При переходе из шестого отсека, где размещались вспомогательные механизмы, в пятый ракетный отсек, являющийся одновременно и жилым, его встречал явственный сладковатый запах гнили, и это было неприятно каких-нибудь пять-шесть шагов. Потом обоняние теряло свою остроту, и тогда запах вроде бы исчезал, и если бы потребовалось вновь ощутить на себе его неприятное действие, следовало бы вернуться в шестой отсек, постоять там какое-то время, а затем снова войти в пятый.
А в четвертом пахло подгоревшим маслом – здесь находился камбуз, готовили пищу, а в седьмом реакторном отсеке было очень прохладно, и отрицательные ионы делали свое дело – придавали воздуху все оттенки свежести, и в то же время там чуть-чуть отдавало металлом.
В других отсеках можно было натолкнуться на целые области запахов: например, где-то рядом с пультами пахло перегретой изоляцией, а вот чуть в стороне уже не пахло. Все это способствовало тому, что в человеке всегда жила, присутствовала, существовала готовность к встрече с каким-нибудь духовищем – непривычным и потому тревожным или наоборот – привычным, успокаивающим, пусть даже чуть гнилостным.

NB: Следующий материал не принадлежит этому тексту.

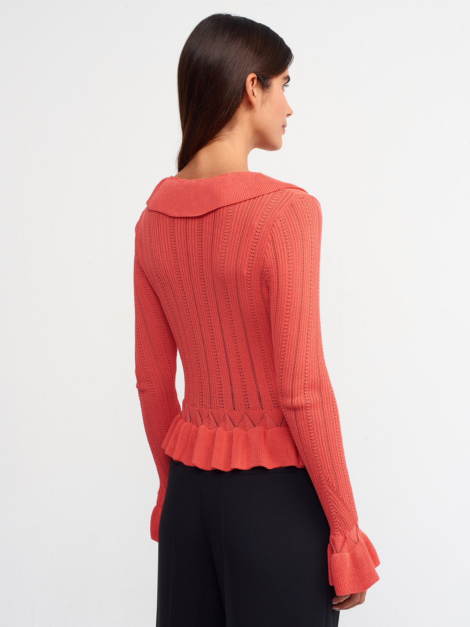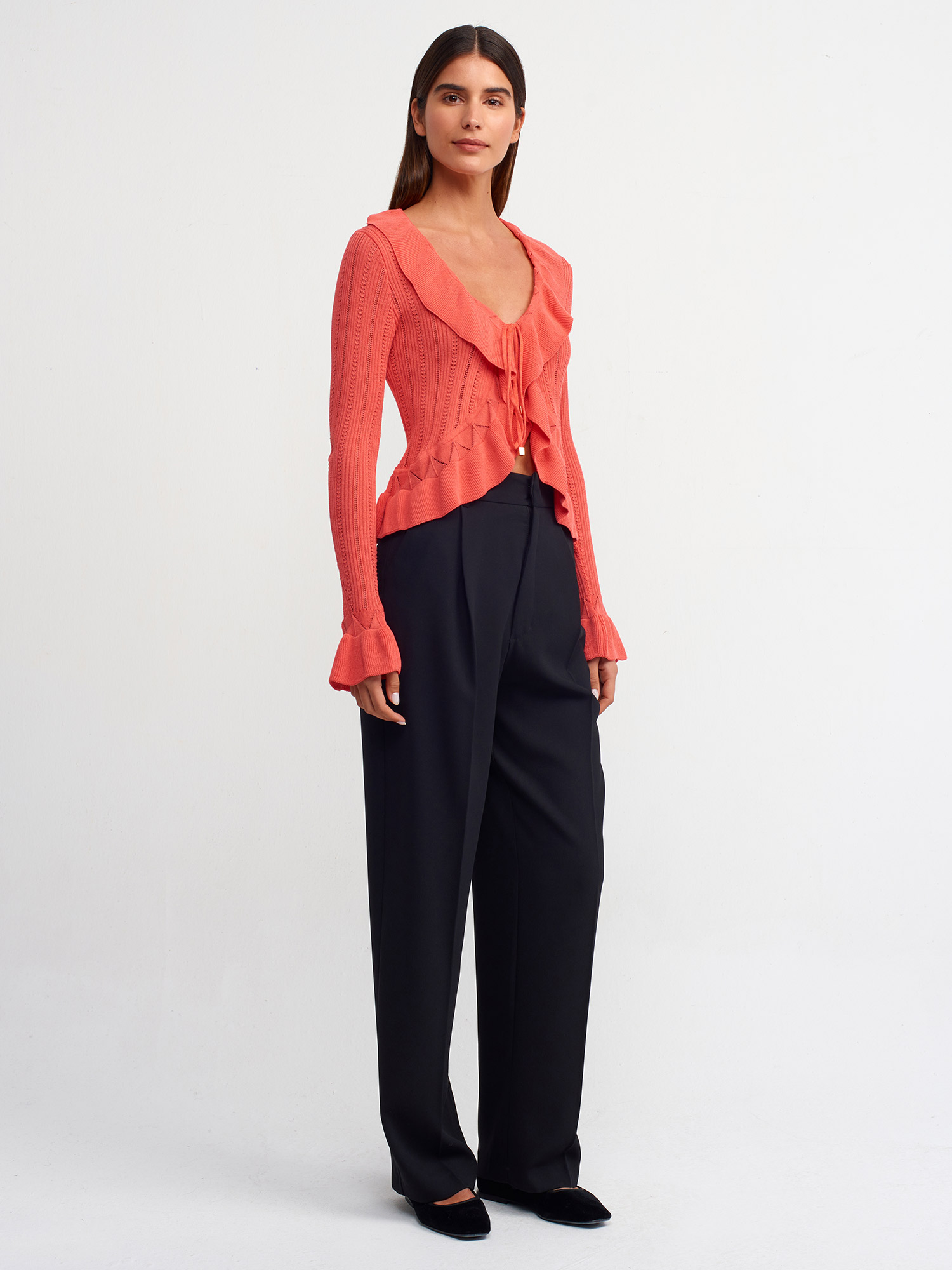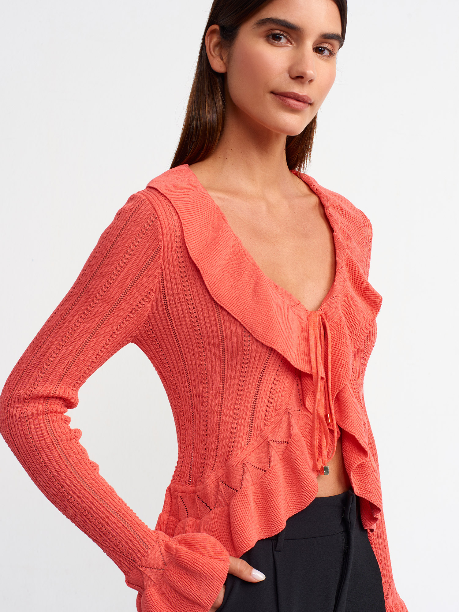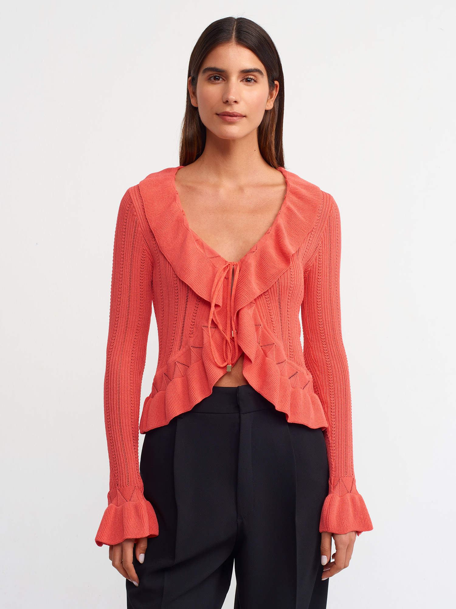 60220 Fırfırlı Bağcıklı Triko Hırka-Kırmızı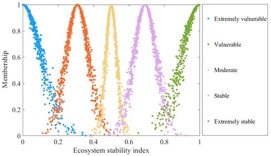 Ecosystem stability is classified into five levels: extremely vulnerable, vulnerable, moderate, stable, and extremely stable. Table 4 presents the evaluation values of the five cloud feature spaces, while the standard evaluation clouds representing ecosystem stability are depicted in Figure 4.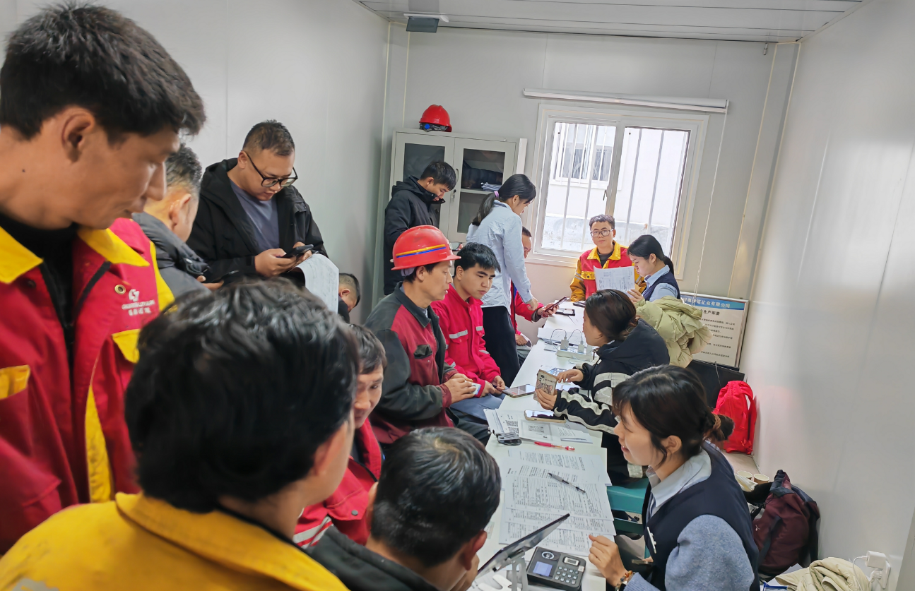 面對(duì)困難,陳嘉濤深知客戶需求無小事。他果斷決定帶隊(duì)前往現(xiàn)場(chǎng),為當(dāng)?shù)貑T工集中辦理銀行卡開卡及工資代發(fā)相關(guān)手續(xù)。從繁華的深圳到偏遠(yuǎn)的高原,路途遙遠(yuǎn)、舟車勞頓,加上高原反應(yīng)帶來的身體不適,讓整個(gè)團(tuán)隊(duì)面臨嚴(yán)峻考驗(yàn)。但他們沒有絲毫退縮,抵達(dá)后便迅速搭建臨時(shí)服務(wù)點(diǎn),投入到緊張的工作中。
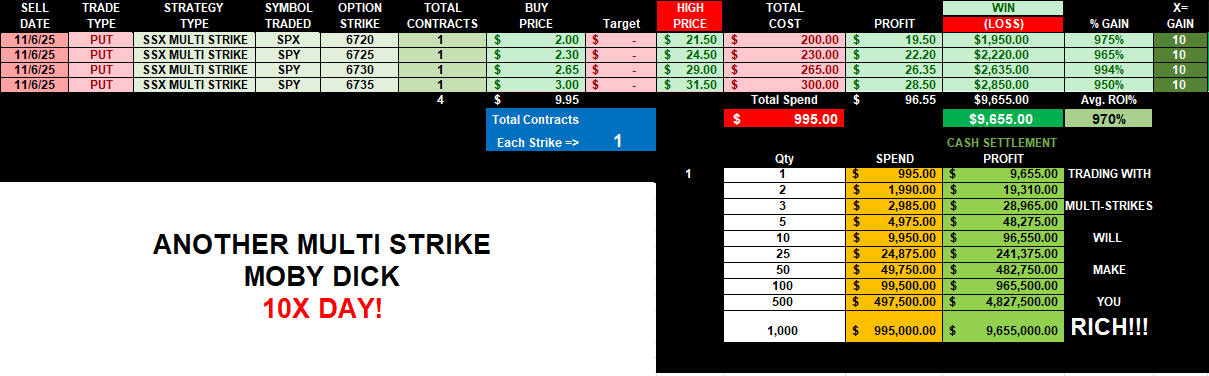 Today, the puts were another Moby Dick day with cash settlement; however, you had to be in just before 12:30PM PST to get lowest entry price.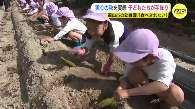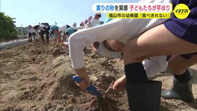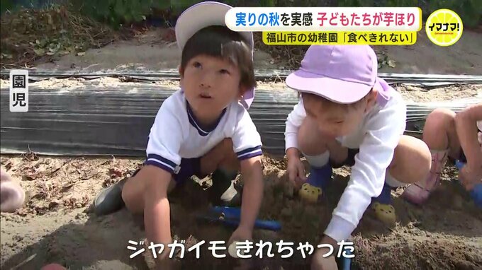 広島県福山市の幼稚園で、子どもたちがイモ掘りをしました。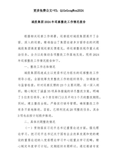 【七哥公文】2025年:城投集团2024年巡察整改工作情况报告+更多免费公文+VX:QiGeGongWen2024+更多免费公文+VX:QiGeGongWen2024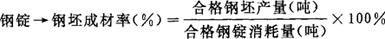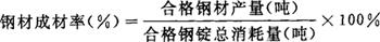 | 释义 | 钢材成材率 指报告期内轧(锻)钢生产的合格钢材产量占其合格钢锭(或钢坯)总消耗量的比重,用百分数表示。 它是反映钢材生产过程中金属料的全部消耗情况和工作质量情况的一个指标。其计算公式为: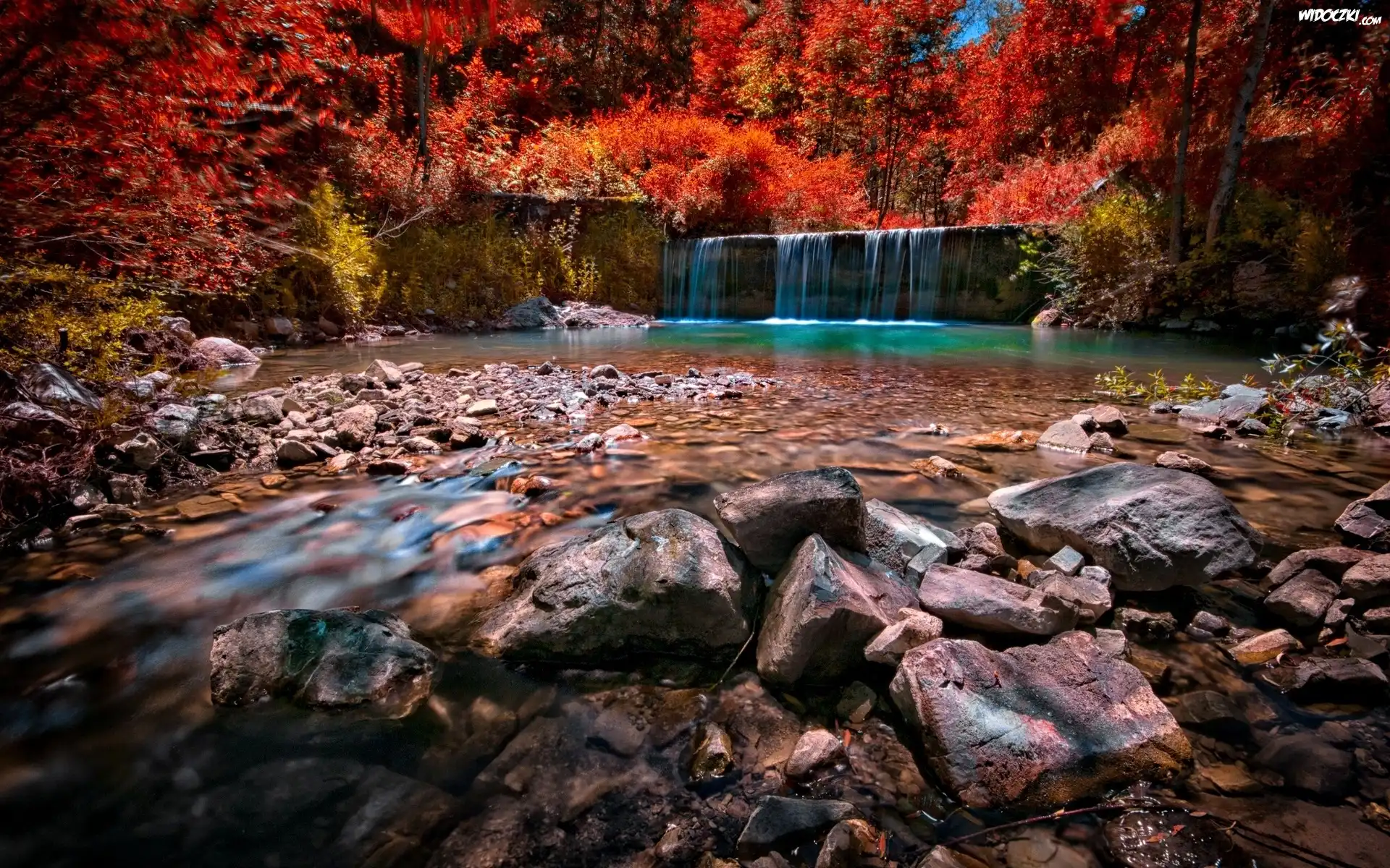 Zdjęcia, Jesień, Las, Wodospad, Rzeka, Kamienie

Запах Петра его не раздражал, и это было важно, ибо он знал, как легко можно возненавидеть человека за один только его дух.
И в самом начале их отношений он, помнится, вдруг всполошился, потому что решился на них, не уяснив для себя до конца столь важную вещь. И он – теперь это без улыбки нельзя было вспоминать – встал рядом с Петром и незаметно – смешно, конечно – осторожно понюхал его плечо.
Пахло вымытым телом, запах был лишь слегка кисловатый.
Хорошо, что Петр так пах.
Он тогда очень этому обрадовался и даже коснулся его плеча, и в этом прикосновении была заключена какая-то очень-очень давняя радость.
Может быть, такая же, как та, что заставляет школьников ходить в обнимку. Кто знает.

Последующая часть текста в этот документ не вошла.